FDA WARNING_LETTER - Devalingam Mahalingam, M.D., Ph.D. - October 18, 2024

This FDA Warning Letter, dated December 11, 2025, was issued to Devalingam Mahalingam, M.D., Ph.D., following an inspection conducted from October 7 to October 18, 2024. The inspection identified serious objectionable conditions during clinical investigations. The primary violation cited was a failure to ensure the investigation adhered to the investigational plan, specifically in a protocol for an investigational drug. A critical error occurred where a subject received approximately 100 times the intended dose of the investigational drug due to incorrect dilution during preparation. This severe dosing error led to the subject experiencing multiple serious adverse events, including cardiac arrest and subsequent death.
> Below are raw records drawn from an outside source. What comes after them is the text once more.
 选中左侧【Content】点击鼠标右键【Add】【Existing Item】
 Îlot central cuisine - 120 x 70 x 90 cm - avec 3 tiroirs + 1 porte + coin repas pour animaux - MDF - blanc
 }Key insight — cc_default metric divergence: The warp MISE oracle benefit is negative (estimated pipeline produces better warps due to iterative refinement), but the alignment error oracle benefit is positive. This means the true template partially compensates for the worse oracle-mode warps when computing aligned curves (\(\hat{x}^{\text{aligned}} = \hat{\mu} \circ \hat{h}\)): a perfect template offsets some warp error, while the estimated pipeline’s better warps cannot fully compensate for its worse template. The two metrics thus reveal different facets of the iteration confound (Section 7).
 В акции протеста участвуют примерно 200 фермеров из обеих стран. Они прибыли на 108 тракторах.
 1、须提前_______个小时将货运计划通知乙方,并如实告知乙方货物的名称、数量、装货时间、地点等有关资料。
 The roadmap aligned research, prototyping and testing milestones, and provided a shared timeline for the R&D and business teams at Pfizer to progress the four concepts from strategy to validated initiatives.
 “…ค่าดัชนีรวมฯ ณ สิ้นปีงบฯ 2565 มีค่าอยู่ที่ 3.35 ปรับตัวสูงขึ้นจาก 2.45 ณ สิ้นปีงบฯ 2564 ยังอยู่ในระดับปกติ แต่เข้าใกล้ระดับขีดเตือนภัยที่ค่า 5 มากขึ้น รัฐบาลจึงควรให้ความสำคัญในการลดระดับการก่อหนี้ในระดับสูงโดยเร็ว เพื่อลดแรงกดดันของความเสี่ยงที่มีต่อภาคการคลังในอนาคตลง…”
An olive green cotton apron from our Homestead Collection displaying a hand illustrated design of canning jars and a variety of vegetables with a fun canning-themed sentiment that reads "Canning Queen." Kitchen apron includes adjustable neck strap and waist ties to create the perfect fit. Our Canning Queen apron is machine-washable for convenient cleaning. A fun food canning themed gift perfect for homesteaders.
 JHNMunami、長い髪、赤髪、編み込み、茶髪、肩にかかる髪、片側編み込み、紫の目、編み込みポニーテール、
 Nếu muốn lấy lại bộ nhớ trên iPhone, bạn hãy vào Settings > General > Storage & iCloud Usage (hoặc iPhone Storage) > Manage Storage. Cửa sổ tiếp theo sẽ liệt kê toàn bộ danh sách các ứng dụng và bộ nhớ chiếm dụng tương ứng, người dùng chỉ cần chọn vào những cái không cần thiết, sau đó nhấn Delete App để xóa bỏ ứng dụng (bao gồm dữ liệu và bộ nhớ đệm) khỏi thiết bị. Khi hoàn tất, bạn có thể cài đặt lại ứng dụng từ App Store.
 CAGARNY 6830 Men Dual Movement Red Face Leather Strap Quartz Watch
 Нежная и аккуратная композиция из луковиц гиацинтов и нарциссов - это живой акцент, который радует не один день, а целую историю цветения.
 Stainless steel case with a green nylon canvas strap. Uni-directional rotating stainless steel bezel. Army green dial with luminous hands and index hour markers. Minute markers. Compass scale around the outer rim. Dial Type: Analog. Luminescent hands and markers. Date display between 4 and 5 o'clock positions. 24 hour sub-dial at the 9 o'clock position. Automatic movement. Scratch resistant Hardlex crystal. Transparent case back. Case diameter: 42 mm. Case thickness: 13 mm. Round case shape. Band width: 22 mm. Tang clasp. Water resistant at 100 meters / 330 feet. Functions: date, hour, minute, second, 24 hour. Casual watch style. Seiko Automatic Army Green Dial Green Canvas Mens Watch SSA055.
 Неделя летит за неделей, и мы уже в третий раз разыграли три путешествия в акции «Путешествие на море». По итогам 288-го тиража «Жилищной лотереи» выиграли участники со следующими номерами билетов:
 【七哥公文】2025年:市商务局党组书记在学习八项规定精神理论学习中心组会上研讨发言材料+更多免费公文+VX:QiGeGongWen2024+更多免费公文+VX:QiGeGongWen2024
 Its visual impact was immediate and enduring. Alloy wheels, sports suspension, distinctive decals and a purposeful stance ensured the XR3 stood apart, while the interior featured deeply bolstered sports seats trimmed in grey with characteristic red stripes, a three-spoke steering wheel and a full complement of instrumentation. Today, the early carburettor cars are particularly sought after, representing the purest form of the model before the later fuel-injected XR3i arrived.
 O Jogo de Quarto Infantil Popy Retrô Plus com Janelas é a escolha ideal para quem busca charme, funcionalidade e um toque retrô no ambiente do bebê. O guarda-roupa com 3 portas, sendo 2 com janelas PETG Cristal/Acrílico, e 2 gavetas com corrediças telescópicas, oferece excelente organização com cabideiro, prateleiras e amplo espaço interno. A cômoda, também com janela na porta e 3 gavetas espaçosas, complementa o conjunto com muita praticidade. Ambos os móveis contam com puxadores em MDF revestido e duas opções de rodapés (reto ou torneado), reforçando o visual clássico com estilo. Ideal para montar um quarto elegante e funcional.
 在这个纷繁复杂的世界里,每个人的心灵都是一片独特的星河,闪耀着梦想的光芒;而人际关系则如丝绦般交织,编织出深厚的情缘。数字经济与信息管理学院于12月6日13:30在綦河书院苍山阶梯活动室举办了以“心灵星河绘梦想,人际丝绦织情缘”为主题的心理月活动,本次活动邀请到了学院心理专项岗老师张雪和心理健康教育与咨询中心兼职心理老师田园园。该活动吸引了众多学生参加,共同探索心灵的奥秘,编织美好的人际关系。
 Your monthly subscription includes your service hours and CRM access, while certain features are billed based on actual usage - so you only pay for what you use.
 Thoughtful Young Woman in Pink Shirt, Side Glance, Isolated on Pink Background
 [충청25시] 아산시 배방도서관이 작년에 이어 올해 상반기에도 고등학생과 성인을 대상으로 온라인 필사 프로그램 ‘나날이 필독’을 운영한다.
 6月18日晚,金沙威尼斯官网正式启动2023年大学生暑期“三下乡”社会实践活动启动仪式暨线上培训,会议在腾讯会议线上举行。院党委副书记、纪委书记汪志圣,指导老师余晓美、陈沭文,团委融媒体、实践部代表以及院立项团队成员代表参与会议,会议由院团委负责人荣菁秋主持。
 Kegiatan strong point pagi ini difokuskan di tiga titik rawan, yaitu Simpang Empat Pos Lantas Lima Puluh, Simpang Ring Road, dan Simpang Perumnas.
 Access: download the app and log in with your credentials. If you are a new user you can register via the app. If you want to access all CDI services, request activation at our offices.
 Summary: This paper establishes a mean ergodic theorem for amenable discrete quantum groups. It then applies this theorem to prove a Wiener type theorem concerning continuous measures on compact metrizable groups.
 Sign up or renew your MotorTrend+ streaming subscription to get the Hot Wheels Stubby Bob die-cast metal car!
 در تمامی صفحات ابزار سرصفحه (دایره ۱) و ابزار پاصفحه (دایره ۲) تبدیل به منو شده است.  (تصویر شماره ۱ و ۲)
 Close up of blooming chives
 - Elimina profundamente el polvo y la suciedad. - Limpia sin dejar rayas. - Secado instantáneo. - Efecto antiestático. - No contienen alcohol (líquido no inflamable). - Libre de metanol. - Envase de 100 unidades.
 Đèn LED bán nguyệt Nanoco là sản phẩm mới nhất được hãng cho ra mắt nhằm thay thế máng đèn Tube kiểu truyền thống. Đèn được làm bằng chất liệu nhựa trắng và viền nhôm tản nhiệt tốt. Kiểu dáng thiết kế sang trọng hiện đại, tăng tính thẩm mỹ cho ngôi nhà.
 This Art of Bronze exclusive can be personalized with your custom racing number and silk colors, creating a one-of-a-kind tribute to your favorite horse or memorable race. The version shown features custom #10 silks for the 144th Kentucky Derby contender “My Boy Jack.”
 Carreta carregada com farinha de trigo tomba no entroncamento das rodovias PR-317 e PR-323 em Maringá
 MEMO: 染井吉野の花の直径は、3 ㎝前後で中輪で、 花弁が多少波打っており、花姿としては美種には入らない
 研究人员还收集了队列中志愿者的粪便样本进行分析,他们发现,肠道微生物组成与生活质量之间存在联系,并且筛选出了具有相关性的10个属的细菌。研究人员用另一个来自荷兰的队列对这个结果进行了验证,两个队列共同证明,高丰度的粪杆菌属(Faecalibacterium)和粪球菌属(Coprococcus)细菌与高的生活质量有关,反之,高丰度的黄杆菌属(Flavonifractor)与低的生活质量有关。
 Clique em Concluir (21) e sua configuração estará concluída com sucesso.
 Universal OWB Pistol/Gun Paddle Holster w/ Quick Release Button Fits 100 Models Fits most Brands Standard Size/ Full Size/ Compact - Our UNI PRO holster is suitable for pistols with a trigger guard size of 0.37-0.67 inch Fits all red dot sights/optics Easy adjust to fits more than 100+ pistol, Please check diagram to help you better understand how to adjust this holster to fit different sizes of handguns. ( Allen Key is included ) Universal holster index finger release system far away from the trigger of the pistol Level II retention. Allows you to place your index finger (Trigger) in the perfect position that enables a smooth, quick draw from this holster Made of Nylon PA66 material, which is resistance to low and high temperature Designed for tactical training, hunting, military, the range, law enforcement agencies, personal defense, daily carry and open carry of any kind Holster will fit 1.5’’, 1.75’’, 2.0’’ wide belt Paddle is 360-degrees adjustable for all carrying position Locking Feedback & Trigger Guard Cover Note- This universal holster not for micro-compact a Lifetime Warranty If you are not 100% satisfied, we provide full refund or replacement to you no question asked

The regulatory framework violated includes the Federal Food, Drug, and Cosmetic Act and regulations in 21 CFR Part 312, which mandate proper conduct of clinical investigations and protection of human subjects. Although Dr. Mahalingam submitted a response with corrective actions such as staff training and updated procedures, the FDA deemed it inadequate. The response lacked sufficient detail on how Dr. Mahalingam, as the clinical investigator, would ensure comprehensive oversight to prevent similar future violations. Dr. Mahalingam is required to provide a written response within 15 business days, outlining specific and adequate actions to prevent recurrence of these violations, or face potential further regulatory action.